# Faegorian Slenderman



## Terrormaster (Sep 27, 2007)

The Faegorian Slenderman was a last minute addition to this year's haunt. My daughter has been ranting and raving about the internet's favorite (and entirely internet fabricated) urban legend, Slenderman. So I decided to give it a shot and do a bit of a Faegorian twist on him.

He was rushed and I'm not completely satisfied with the outcome. But those who saw him under the flickering green shadowy light were still quite frightened. I'll probably revisit this prop during the early parts of 2014 and add a bit more depth and texture - especially to the ribs. I took advantage of the black backdrop during the tear-down today and snapped some daylight pictures to share here in the showroom. Enjoy.

From the Wikipedia entry:



> The Slender Man (also known as Slender Man or Slenderman) is a fictional character that originated as an Internet meme created by Something Awful forums user Victor Surge in 2009. It is depicted as resembling a thin, unnaturally tall man with a blank and usually featureless face, and wearing a black suit. The Slender Man is commonly said to stalk, abduct, or traumatize people, particularly children. The Slender Man is not tied to any particular story, but appears in many disparate works of fiction, mostly composed online.
> 
> The Slender Man is described as very tall and thin with unnaturally long arms, which it can extend to intimidate or capture prey. It has a white, featureless head and appears to be wearing a dark suit. The Slender Man is associated with the forest and has the ability to teleport.


----------



## The-Hog-Flu (Oct 21, 2013)

I am not familiar with this "slender-man" that you speak of, but that's still a cool looking prop. Pretty creepy looking. Well done.


----------



## hpropman (Jul 27, 2008)

I like him too Although I am also not familiar with the character. I will have to look him up.


----------



## BioHazardCustoms (Aug 5, 2009)

Very nice Slender Man. He is creepy without looking forced.


----------



## Copchick (Apr 10, 2012)

Oooo, I like him! I like the angle of his head and the branches and sticks coming out from the bottom of his ribcage. Did you fill the ribcage void with Great Stuff?


----------



## Spooky1 (Aug 25, 2008)

He has a great creepy vibe to him.


----------



## Hairazor (Mar 13, 2012)

Mighty nice for rushed!


----------



## [email protected] (Aug 25, 2012)

I love the whole Slenderman concept and mythology. This is a nice interpretation of him.


----------



## RoxyBlue (Oct 6, 2008)

He looks fabulous even if you don't know the story.


----------



## Terrormaster (Sep 27, 2007)

Thanks everyone. As rushed as this was this was a rather fun piece to build. It's a shame a lot of the details were lost in the green lightning when he was on display. Looking forward to improving him next year.

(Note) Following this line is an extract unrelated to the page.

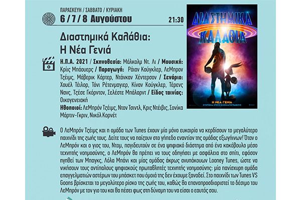 Η ταινία, φετινής παραγωγής θα προβληθεί την Παρασκευή 6, το Σάββατο 7 και την Κυριακή 8 Αυγούστου στις 21:30 στη δροσερή γωνιά του ‘’Δημήτριου Ζωηρού’’.

@Copchick: Yup, that's Great Stuff foam in the guts. I flipped him upside down and loaded the chest cavity up. Once the foam started to set I added the sticks and branches. In retrospect I should have done the foam AFTER the mache as it pushed out the inner lining behind and between the ribs causing a loss of depth and detail I had added before hand.


----------



## nimblemonkey (Aug 21, 2011)

I like the long, tentacle like fingers on his left hand- enough to creep me out (and not get too close) And I really like the face- whatever the legend of Slenderman, I think you nailed it.


----------



## beelce (Jul 21, 2007)

That's cool....


----------



## CreeepyCathy (Mar 28, 2009)

love the face on him.


----------



## scareme (Aug 29, 2006)

He looks fantastic. Now I know what the well dressed ghoul will be wearing this year.


----------



## deadSusan (Jun 26, 2013)

This would be a good costume.


----------